An assertion is composed of boolean expressions which are to be enforced. If the expression is true then we say that the assertion holds. If the boolean value is false then we say that the assertion does not hold and thus we have caught an 'error' which leads us to the next step of finding out and eliminating the bug. Thus programming by assertions is one of the quickest and most effective ways to detect and correct bugs because testing and debugging can sometimes be very tedious tasks to perform.


Structure of an assertion

<assertion_type>(<condition>, <message>); where where <assertion_type> indicates what is the assertion made, <condition> indicates a boolean expression that helps to determine whether the assertion is violated or not; <message> will display an error information when the assertion is violated.


There are several classes of assertions which we will see next:


Internal Invariants

These assertions were used before the programming languages had the support of an explicit assert keyword.
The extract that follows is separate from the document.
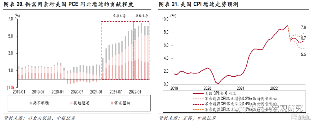 美国高通胀是疫情之后需求端恢复明显快于供给端的结果。2022年以来,受俄乌冲突影响,供给因素对美国通胀的影响加剧(见图表20)。尤其是,能源价格上涨推动整体CPI同比增速持续创新高。根据EIA的最新预测,布伦特油价预计在6月份之后见顶回落。我们根据油价变动情况以及美国CPI中的能源权重大小(2019年至2020年权重为7.348%),可以粗略估算油价变化对CPI环比增速的影响。并且,假设下半年不含能源的CPI环比增速分别为0.2%、0.4%和0.6%,据此测算得出,年内美国CPI同比增速可能自6月份开始见顶回落。如果不含能源CPI环比增长0.6%,美国CPI同比预计在8、9月份小幅反弹,四季度再转为回落,年末仍接近8%。如果不含能源CPI环比增长0.4%、0.2%,预计年内美国CPI同比将持续回落,年末分别降至6.7%、5.5%(见图表23)。

Internal logic and program's language constructs were used to assert the assertions in the program's native.

For example before assert keyword, we would use this code:

if (i % 3 == 0) {
       ...
   } else if (i % 3 == 1) {
       ...
   } else { // We know (i % 3 == 2)
       ...
   }

The same code with the use of assert keyword can be written as:

if (i % 3 == 0) {
       ...
   } else if (i % 3 == 1) {
       ...
   } else {
       assert i % 3 == 2 : i;
       ...
   }

Another probable candidate for the use of assertion could be the switch statements in Java where the programmer does not provide a default case. The assumption made by the programmer is that the value against which the switch statement is written will hold no other values except one of the cases. In this case it is advisable to use assert against the value of the switched variable

Example:

switch(value) {
     case 1:
       ...
       break;
     case 2:
       ...
       break;
     case 3:
       ...
       break;
     case 4:
       ...
   } 

In this case we should add:

default:
       assert false : value; 

The assertion makes sure that if the value does not hold either of the 4 values (which it should according to the program logic decided by the programmer ) then it is an error state.

Control Flow Invariants:


Preconditions, Postconditions, and Class Invariants

Before moving on to explain it, it is worth mentioning that even though the assert construct in Java is not a full-blown design-by-contract method of programming, it helps to support an informal design-by-contract style of programming. On the other hand Eiffel provides full-fledged design-by-contract facility with preconditions, postconditions and class invariants.


  • Preconditions: These are assertions which must hold whenever a method is invoked. We will first see an example then will discuss whether using assertions explicitly here is advisable or not.

For example

/**
* Sets the speed
*/
public void setSpeed(int speed) {
   // Enforce specified precondition in public method
   if (speed <= 0 || speed > MAX_SPEED)
       throw new IllegalArgumentException("Illegal speed: " + speed);
   setSpeedInterval(100/speed);
}

The example is self explanatory. Here the assertion/precondition on the input parameter is that the input speed can not be less than zero or more than the maximum speed. It is not advisable to use assert here. The reason is that the execution of the method (the Exception) guarantees that the precondition will always be enforced because of the exception that is thrown. So we do not need the assertion in this case of a public method. The use of an assertion will be redundant and sometimes should be avoided since the user is supposed to check the conditions which should hold for true program state, which the user is able to since it is a public method.

On the other hand, it is advisable to use assertions for methods which are private because the code is not visible to the users so they can not code in their checks. In these cases assertions should be used as they help to preserve the correct program state. (Assert is for private arguments only)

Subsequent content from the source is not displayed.